• EXERCISE OBJECTIVE: Write out each record in full and exactly as given. Skip any pictures.

• Saved data entries:
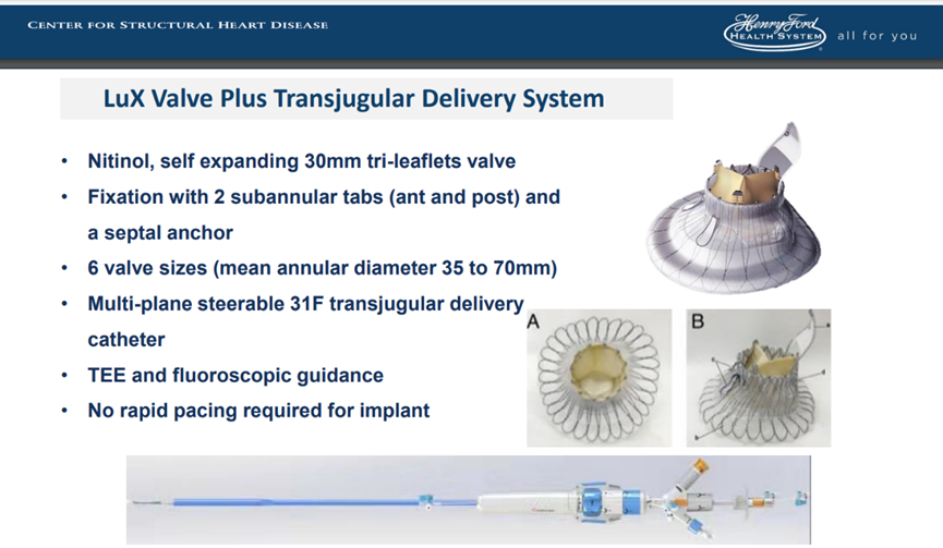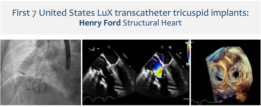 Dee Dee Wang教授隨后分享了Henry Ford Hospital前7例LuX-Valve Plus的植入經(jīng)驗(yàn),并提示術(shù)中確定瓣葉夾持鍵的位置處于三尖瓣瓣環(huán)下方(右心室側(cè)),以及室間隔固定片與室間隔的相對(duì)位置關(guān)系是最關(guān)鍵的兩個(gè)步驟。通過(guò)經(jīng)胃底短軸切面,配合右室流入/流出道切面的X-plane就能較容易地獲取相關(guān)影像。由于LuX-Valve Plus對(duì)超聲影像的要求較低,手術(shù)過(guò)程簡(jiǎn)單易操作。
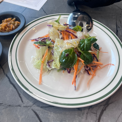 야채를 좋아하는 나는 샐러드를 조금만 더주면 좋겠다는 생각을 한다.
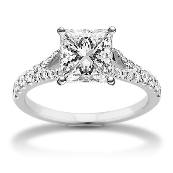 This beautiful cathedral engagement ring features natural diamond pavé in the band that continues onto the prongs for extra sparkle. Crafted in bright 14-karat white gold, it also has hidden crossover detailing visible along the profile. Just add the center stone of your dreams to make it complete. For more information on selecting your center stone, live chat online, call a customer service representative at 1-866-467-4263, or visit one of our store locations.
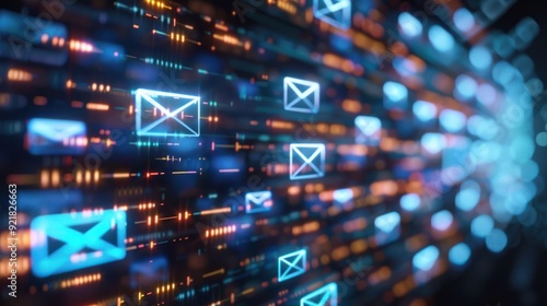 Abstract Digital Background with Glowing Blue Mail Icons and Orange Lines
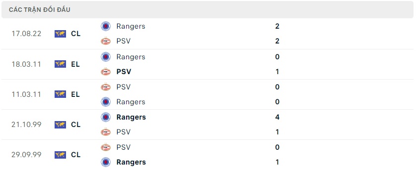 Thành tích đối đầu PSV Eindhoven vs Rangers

• YOUR RESPONSE:
 Dee Dee Wang教授隨后分享了Henry Ford Hospital前7例LuX-Valve Plus的植入經(jīng)驗(yàn),并提示術(shù)中確定瓣葉夾持鍵的位置處于三尖瓣瓣環(huán)下方(右心室側(cè)),以及室間隔固定片與室間隔的相對(duì)位置關(guān)系是最關(guān)鍵的兩個(gè)步驟。通過(guò)經(jīng)胃底短軸切面,配合右室流入/流出道切面的X-plane就能較容易地獲取相關(guān)影像。由于LuX-Valve Plus對(duì)超聲影像的要求較低,手術(shù)過(guò)程簡(jiǎn)單易操作。
 야채를 좋아하는 나는 샐러드를 조금만 더주면 좋겠다는 생각을 한다.
 This beautiful cathedral engagement ring features natural diamond pavé in the band that continues onto the prongs for extra sparkle. Crafted in bright 14-karat white gold, it also has hidden crossover detailing visible along the profile. Just add the center stone of your dreams to make it complete. For more information on selecting your center stone, live chat online, call a customer service representative at 1-866-467-4263, or visit one of our store locations.
 Abstract Digital Background with Glowing Blue Mail Icons and Orange Lines
 Thành tích đối đầu PSV Eindhoven vs Rangers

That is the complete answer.